:: INPUT DATA ::

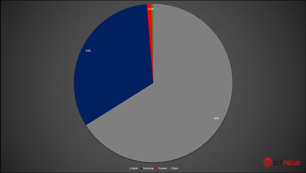 Thống kê của GfK tháng 7/2019 cho thấy, ở phân khúc điện thoại trên 15 triệu đồng, Samsung và Apple đang chiếm… 98,7% số lượng máy bán ra tại Việt Nam. Tháng trước đó, hai hãng chiếm… 99,3%, gần như không có chỗ cho hãng smartphone nào khác chen vào. Phần cực kỳ nhỏ còn lại thuộc về Huawei, phần nhỏ hơn nữa của Oppo.
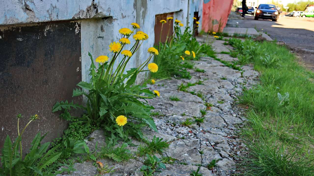Поселившиеся в городских условиях растения широко освоились и прочно закрепились в своих территориях, где растут в самых, казалось бы, не пригодных для жизни местах. Например, клевер люпиновый (Trifolium lupinaster) и луговой, одуванчик, иван-чай, трёхрёберник непахучий, мелкие (тмин обыкновенный) и крупные (борщевик сибирский) зонтичные, подорожник большой (Plantago major) и средний (Plantago media), щавель конский и другие обнаружены в трещинах в бетонном покрытии дорог и дворовых площадей, между цоколями зданий и дорожек вокруг них, выбоинах и промоинах между железобетонными плитами и иных подобных местах . В зависимости от размеров углублений и количества скопившегося в них грунта из попавших семян могут развиваться либо единичные растения (там, где мало грунта), либо целые куртины (где грунта много).
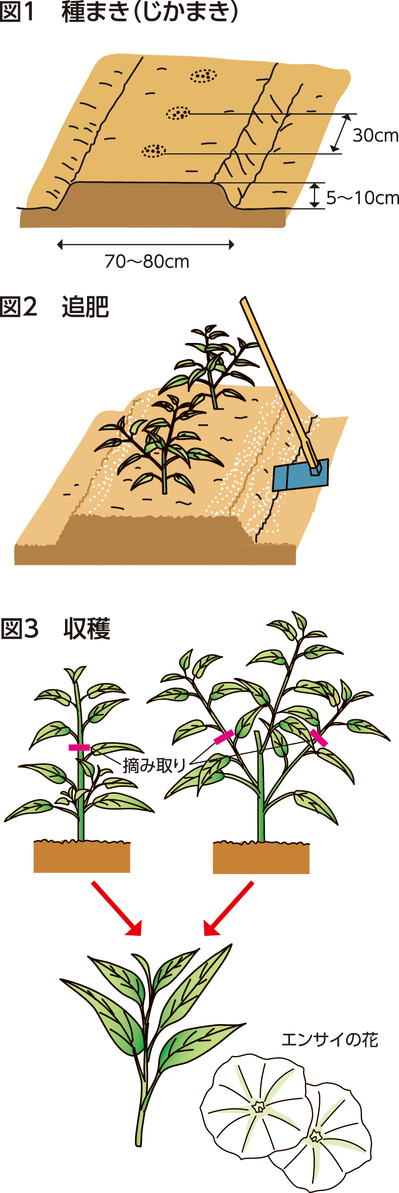準備した栽培床に株間30cmとし、深さ1、2cm、1カ所3、4粒じかまきします(図1)。苗作りをする場合は、7.5~9cmのポリポットに3、4粒まき、本葉3、4枚になったら苗を植え付けます。
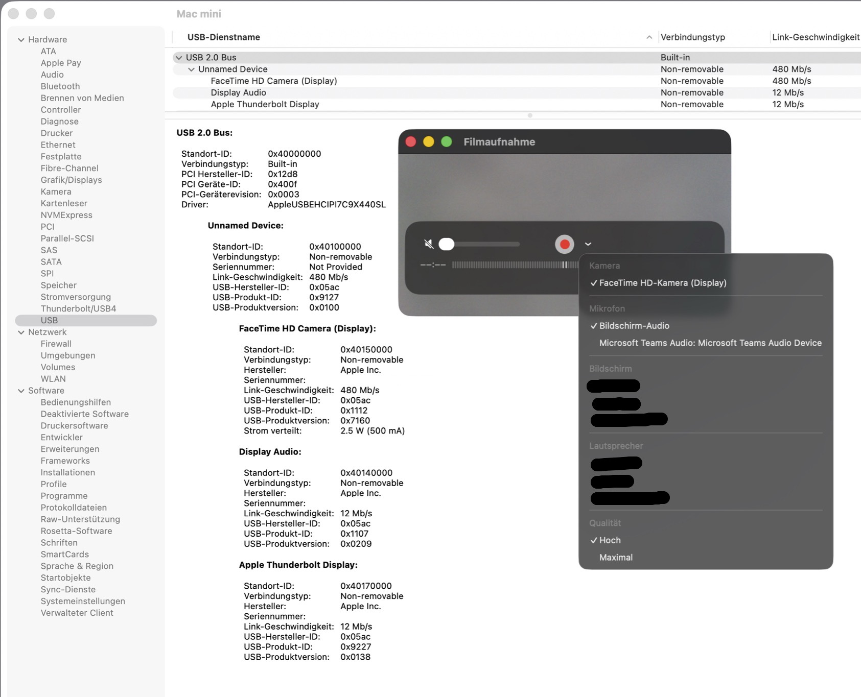 Vorab, die Info dass nach dem heutigen Start des Rechners in den Systeminformationen die Kamera schon als „FaceTime HD Camera (Display)“ in den Systeminformationen (siehe erster Screenshot) angezeigt wurde, allerdings, wie erwartet, konnte sie von den Programmen (QuickTime Player, Teams und FaceTime) nicht angesprochen werden.

:: YOUR ASSIGNMENT ::
Every line above should be copied exactly; do not carry over the pictures.

:: ANSWER SPACE ::
 Thống kê của GfK tháng 7/2019 cho thấy, ở phân khúc điện thoại trên 15 triệu đồng, Samsung và Apple đang chiếm… 98,7% số lượng máy bán ra tại Việt Nam. Tháng trước đó, hai hãng chiếm… 99,3%, gần như không có chỗ cho hãng smartphone nào khác chen vào. Phần cực kỳ nhỏ còn lại thuộc về Huawei, phần nhỏ hơn nữa của Oppo.
Поселившиеся в городских условиях растения широко освоились и прочно закрепились в своих территориях, где растут в самых, казалось бы, не пригодных для жизни местах. Например, клевер люпиновый (Trifolium lupinaster) и луговой, одуванчик, иван-чай, трёхрёберник непахучий, мелкие (тмин обыкновенный) и крупные (борщевик сибирский) зонтичные, подорожник большой (Plantago major) и средний (Plantago media), щавель конский и другие обнаружены в трещинах в бетонном покрытии дорог и дворовых площадей, между цоколями зданий и дорожек вокруг них, выбоинах и промоинах между железобетонными плитами и иных подобных местах . В зависимости от размеров углублений и количества скопившегося в них грунта из попавших семян могут развиваться либо единичные растения (там, где мало грунта), либо целые куртины (где грунта много).
準備した栽培床に株間30cmとし、深さ1、2cm、1カ所3、4粒じかまきします(図1)。苗作りをする場合は、7.5~9cmのポリポットに3、4粒まき、本葉3、4枚になったら苗を植え付けます。
 Vorab, die Info dass nach dem heutigen Start des Rechners in den Systeminformationen die Kamera schon als „FaceTime HD Camera (Display)“ in den Systeminformationen (siehe erster Screenshot) angezeigt wurde, allerdings, wie erwartet, konnte sie von den Programmen (QuickTime Player, Teams und FaceTime) nicht angesprochen werden.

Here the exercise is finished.